Chen Shurong, Zhang Hong, Yu Xiongfei, Chen Yi
Department of Gastroenterology, the First Affiliated Hospital, College of Medicine, Zhejiang University, Hangzhou, China.
Department of Oncology, the First Affiliated Hospital, College of Medicine, Zhejiang University, Hangzhou, China.
AME Case Rep. 2023 Mar 20;7:19. doi: 10.21037/acr-22-105. eCollection 2023.
Meckel's diverticulum is a blind-end true diverticulum that contains all of the layers, which is normally found in the ileum. Prevalence of Meckel's diverticulum is around 2% in the general population, and even rare among adults. Gastrointestinal (GI) bleeding is a common complication of Meckel's diverticulum in children and in most cases, caused by peptic ulceration, due to ectopic gastric mucosa, while in minority cases, pancreatic tissue would also appear consisting around 6% of all Meckel's diverticulum patients.
Herein, we reported a 45-year-old man presented with recurrent hematochezia for over one-month without other remarkable symptoms or past medical history or signs on physical examination. Laboratory examinations showed hemoglobin of 114 g/L and ++++ in stool occult blood test without red blood cell. Contrasted abdominopelvic computerized tomography (CT) were normal and Meckel's electroconvulsive therapy (ECT) for identification was also negative. Considering gastroscopy and colonoscopy were both unremarkable in local hospital, double balloon enteroscopy was adopted and revealed double duct sign at about 100 cm proximal to the ileocecal valve and thus indicated existence of diverticulum. Further, ulceration was found at the far-end bottom of the blind-ending tube. The patient then underwent laparoscopic resection of Meckel's diverticulum and pathology study showed heterotopic pancreas in Meckel's diverticulum. The patient started feeding two days after surgery and was discharged on regular out-patient follow-up two weeks later. Till now, no reappear of hematochezia episode was observed.
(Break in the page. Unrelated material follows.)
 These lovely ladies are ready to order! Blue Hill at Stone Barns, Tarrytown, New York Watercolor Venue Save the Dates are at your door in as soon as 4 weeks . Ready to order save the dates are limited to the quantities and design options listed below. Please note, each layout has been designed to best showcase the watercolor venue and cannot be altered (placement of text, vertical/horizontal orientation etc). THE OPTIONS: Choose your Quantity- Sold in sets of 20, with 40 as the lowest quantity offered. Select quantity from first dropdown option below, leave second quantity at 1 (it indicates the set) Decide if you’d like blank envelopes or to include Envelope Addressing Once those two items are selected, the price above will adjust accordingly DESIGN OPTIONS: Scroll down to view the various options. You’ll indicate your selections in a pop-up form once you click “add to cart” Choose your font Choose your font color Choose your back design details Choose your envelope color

Heterotopic pancreas in Meckel's diverticulum is relative rare clinical condition in adult which can cause recurrent lower GI bleeding. Thus, special attention should be paid in cases with unexplained lower GI bleeding in adult.
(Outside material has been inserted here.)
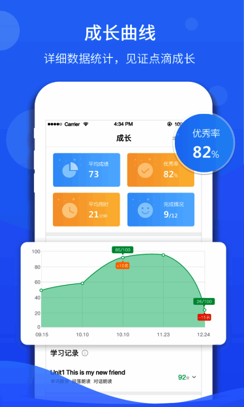 “智能评分一对一教学”:实时智能评分,比私立教育更专注。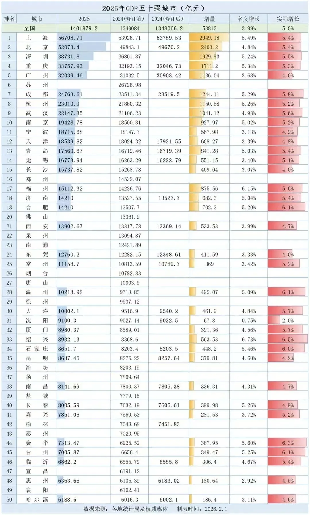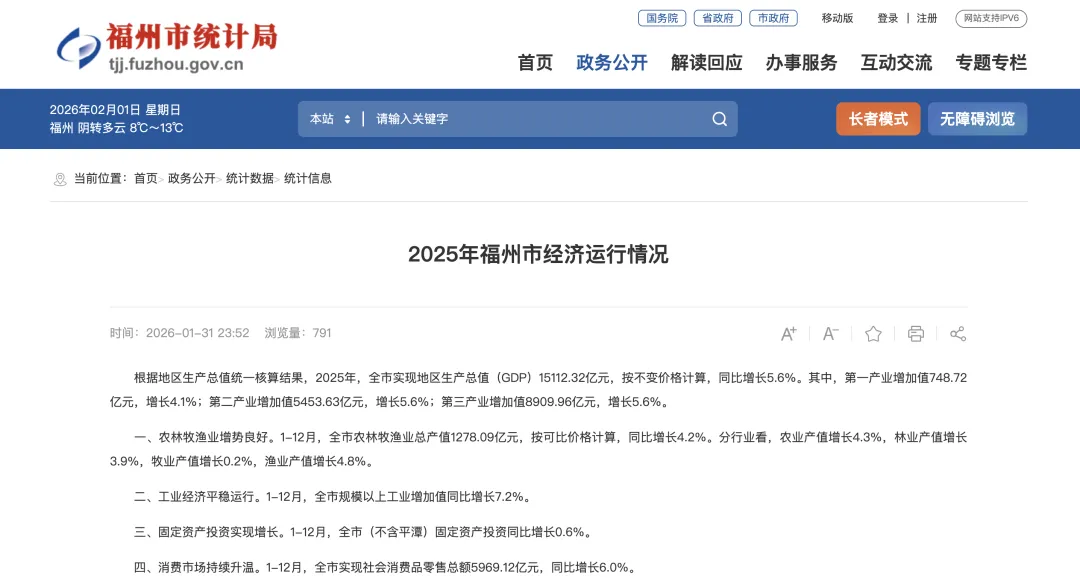 1月31日,福州统计局深夜公布了“2025年福州市GDP运行情况”,确认福州GDP为15112.32亿元,并没有超过郑州,河南网友可以暂时松一口气。

梅克尔憩室是一种包含所有肠壁层的盲端真性憩室,通常位于回肠。梅克尔憩室在普通人群中的患病率约为2%,在成年人中更为罕见。胃肠道出血是儿童梅克尔憩室的常见并发症,在大多数情况下,是由异位胃黏膜导致的消化性溃疡引起的,而在少数情况下,胰腺组织也会出现,约占所有梅克尔憩室患者的6%。
在此,我们报告一名45岁男性,反复便血一个多月,无其他明显症状,既往无病史,体格检查无体征。实验室检查显示血红蛋白为114g/L,大便潜血试验++++,无红细胞。腹部盆腔增强计算机断层扫描(CT)正常,用于识别的梅克尔电惊厥治疗(ECT)也为阴性。考虑到当地医院的胃镜和结肠镜检查均无异常,遂采用双气囊小肠镜检查,发现在回盲瓣近端约100cm处有双管征,提示存在憩室。此外,在盲端管的远端底部发现溃疡。患者随后接受了梅克尔憩室腹腔镜切除术,病理研究显示梅克尔憩室内有异位胰腺。患者术后两天开始进食,两周后定期门诊随访出院。迄今为止,未观察到便血再次发作。
梅克尔憩室内的异位胰腺在成人中是一种相对罕见的临床情况,可导致反复下消化道出血。因此,对于成人不明原因的下消化道出血病例应予以特别关注。